What to work on.
Copy out the data from the line containing "Hemostasyl är en" to its last line, exactly. No pictures.

Supplied data.
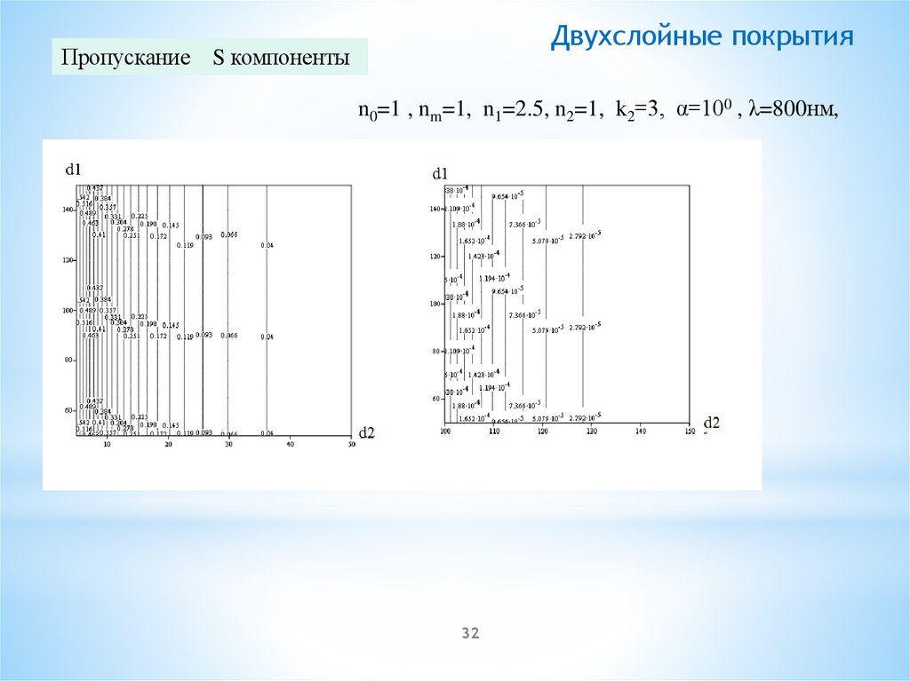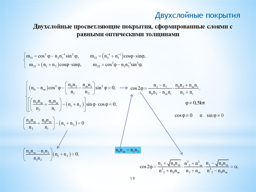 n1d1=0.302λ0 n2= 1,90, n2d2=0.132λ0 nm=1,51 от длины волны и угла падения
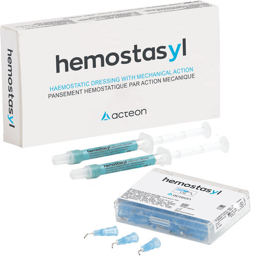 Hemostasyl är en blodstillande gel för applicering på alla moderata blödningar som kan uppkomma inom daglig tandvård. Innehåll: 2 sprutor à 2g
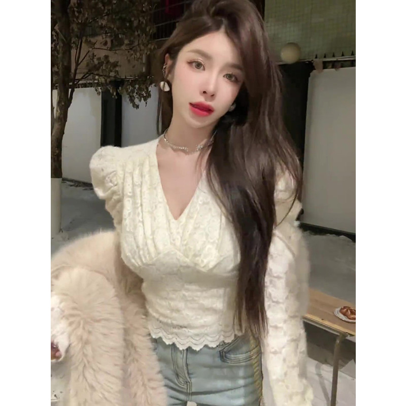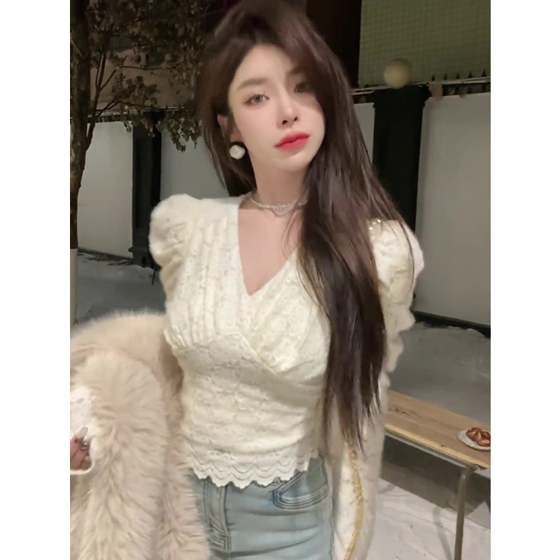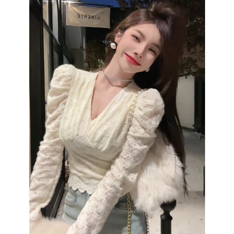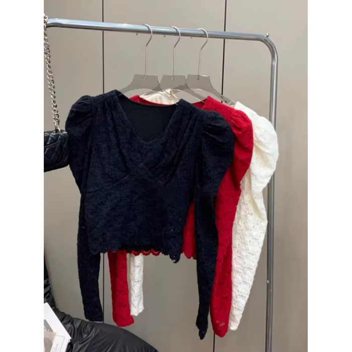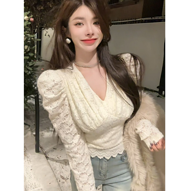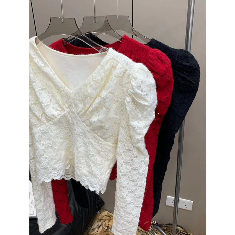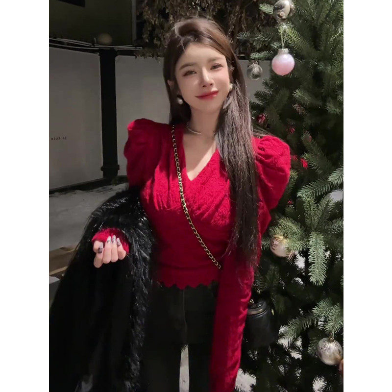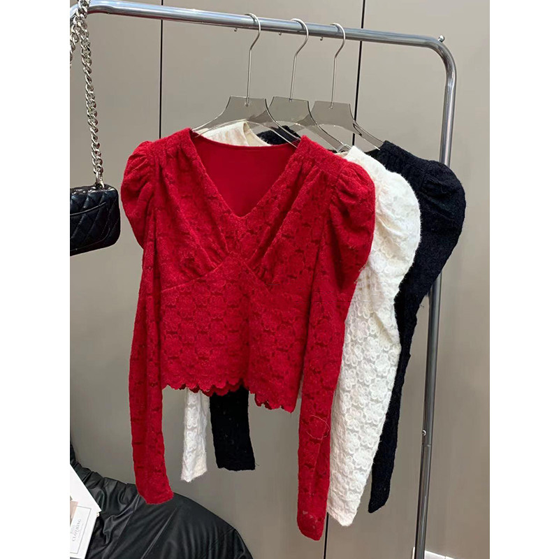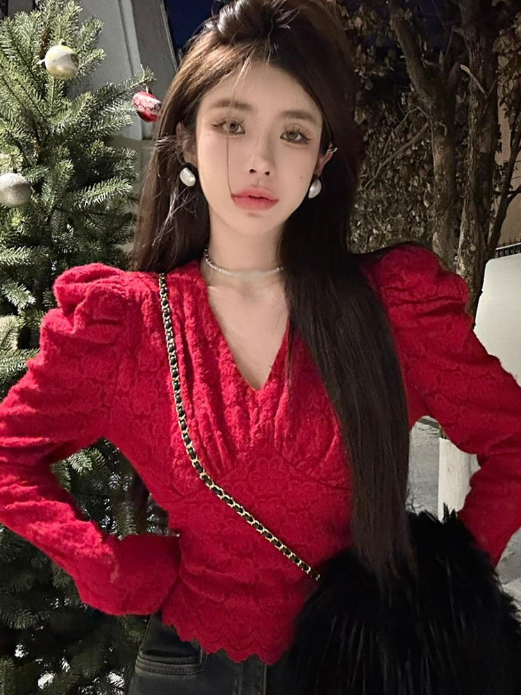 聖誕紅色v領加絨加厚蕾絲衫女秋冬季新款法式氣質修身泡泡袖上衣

Result for this exercise.
 Hemostasyl är en blodstillande gel för applicering på alla moderata blödningar som kan uppkomma inom daglig tandvård. Innehåll: 2 sprutor à 2g
 聖誕紅色v領加絨加厚蕾絲衫女秋冬季新款法式氣質修身泡泡袖上衣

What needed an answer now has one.